II. Weimarer Zeit und NS-Zeit
1. In der Weimarer Nationalversammlung gehörten das Verhältnis von Staat, Religion und Weltanschauung sowie die Schulverfassung zu den umstrittensten Fragen. Dennoch einigten sich die sozialistischen Parteien, die einen laizistischen Kurs mit Abdrängung der Religion ins Private bevorzugten, und das katholische Zentrum auf die Weimarer Kirchenartikel und einen Schulkompromiss. Beim Kampf um die weltanschauliche Ausrichtung der Volksschulen setzte sich daher reichsrechtlich die Gemeinschaftsschule als Regelschule durch.
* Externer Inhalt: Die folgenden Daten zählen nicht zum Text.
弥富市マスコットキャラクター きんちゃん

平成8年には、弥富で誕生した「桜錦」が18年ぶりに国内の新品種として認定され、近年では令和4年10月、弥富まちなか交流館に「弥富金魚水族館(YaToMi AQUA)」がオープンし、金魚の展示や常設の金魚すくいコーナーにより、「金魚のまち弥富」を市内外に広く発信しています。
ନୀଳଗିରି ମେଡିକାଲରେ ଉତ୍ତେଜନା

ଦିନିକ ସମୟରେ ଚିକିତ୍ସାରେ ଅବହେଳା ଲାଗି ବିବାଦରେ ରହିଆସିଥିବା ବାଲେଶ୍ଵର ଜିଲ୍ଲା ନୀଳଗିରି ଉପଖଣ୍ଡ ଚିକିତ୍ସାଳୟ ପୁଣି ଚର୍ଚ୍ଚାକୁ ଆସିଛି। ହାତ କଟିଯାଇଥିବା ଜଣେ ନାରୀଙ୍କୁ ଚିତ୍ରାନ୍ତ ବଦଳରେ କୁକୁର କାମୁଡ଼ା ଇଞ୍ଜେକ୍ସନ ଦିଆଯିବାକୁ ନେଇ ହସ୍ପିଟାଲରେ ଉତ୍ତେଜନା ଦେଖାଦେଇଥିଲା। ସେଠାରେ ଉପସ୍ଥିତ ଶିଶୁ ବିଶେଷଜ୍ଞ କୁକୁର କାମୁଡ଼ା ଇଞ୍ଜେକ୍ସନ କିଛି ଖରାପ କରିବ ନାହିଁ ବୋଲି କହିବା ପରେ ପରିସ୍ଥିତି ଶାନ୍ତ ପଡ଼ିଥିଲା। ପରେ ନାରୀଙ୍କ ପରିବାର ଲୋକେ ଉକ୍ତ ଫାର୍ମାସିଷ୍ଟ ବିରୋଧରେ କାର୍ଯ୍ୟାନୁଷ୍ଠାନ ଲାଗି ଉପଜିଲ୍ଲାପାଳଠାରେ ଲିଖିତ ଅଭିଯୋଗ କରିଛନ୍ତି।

Da aber in der Folgezeit alle Anläufe zu einem Reichs-Volksschulgesetz vor allem wegen des Widerstands der Befürworter der Konfessionsschulen scheiterten, blieb es wegen Art. 174 S. 1 WRV in allen Ländern bei der Rechtslage von 1919. Praktisch bedeutete diese Sperrklausel eine Bestandsgarantie für alle Konfessionsschulen, d.h. im überwiegenden Teil Deutschlands stand die Realität im Gegensatz zum Programm der WRV. Selbst bekenntnisfreie Schulen ohne Religionsunterricht (RU) konnten nicht errichtet werden. Freilich mussten auch konfessionslose Lehrer beschäftigt werden, hatten aber wegen der Erteilung des RU durch staatliche Lehrer erhebliche Nachteile. Hierzu Christoph Gusy: "Die in der Staatsrechtswissenschaft fast ausnahmslos vertretene Auffassung vom Verbot der Benachteiligung konfessionsloser Lehrer ließ sich in der Praxis kaum durchsetzen."
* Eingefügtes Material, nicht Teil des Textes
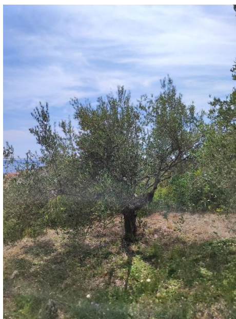
Slika 2.1.1. Stablo masline

Maslina ( Olea Europaea L.) se smatra biljnom kulturom starijom više od 45.000 godina, porijeklom iz područja Mediterana. U Hrvatskoj je poznata više od 2.500 godina. Jedna je od najčešće spomenutih biljaka u Bibliji te je mnogo puta opjevana i hvaljena kao hraniteljica ljudi Sredozemlja. Svoje porijeklo maslina vuče sa Bliskog istoka odakle se proširila u sve mediteranske zemlje. Danas se na tom području ostvaruje čak 98% svjetske proizvodnje, a Hrvatska sudjeluje s 0.2 % čime ne utječe bitno na svjetsko tržište (Mesić i sur., 2015.). Prema Homeru, osnivač Atene – Kekrops je donio maslinu u staru Grčku odakle se proširila i u Hrvatsku (Jemrić, 2008). Istraživanjima je u rimskoj Saloni pronađen mlin za masline koji potječe iz 1. ili 2. stoljeća poslije Krista, a arheološke iskopine iz starog Rima nalaze se i u Puli, Brijunima, Červaru kod Poreča i na još mnogo lokaliteta. Nadalje, na otoku Ugljanu u mjestu Muline te u pulskom Amfiteatru otkriveni su dijelovi antičke uljarice. O dugoj i očuvanoj tradiciji maslinarstva na hrvatskom svjedoče i stabla maslina stara preko 1.500 godina u Kaštel Štafliću i otočju Brijuni (Miljković i sur., 2011.).

2. In der NS-Zeit blieb der Katholizismus, der dem Regime immerhin durch das Reichskonkordat zu erstem internationalem Ansehen verholfen hatte, trotz aller Gegnerschaft zwischen beiden ideologischen Mächten doch so stark, dass zwei Versuche, das Kreuz aus den Schulen aus Gründen der Religionsfeindschaft zu entfernen (1936, Münsterland; 1941, Bayern), scheiterten. Zu dem komplexen Verhältnis zwischen Regime und Kirchen sei hier nicht Stellung genommen.[1]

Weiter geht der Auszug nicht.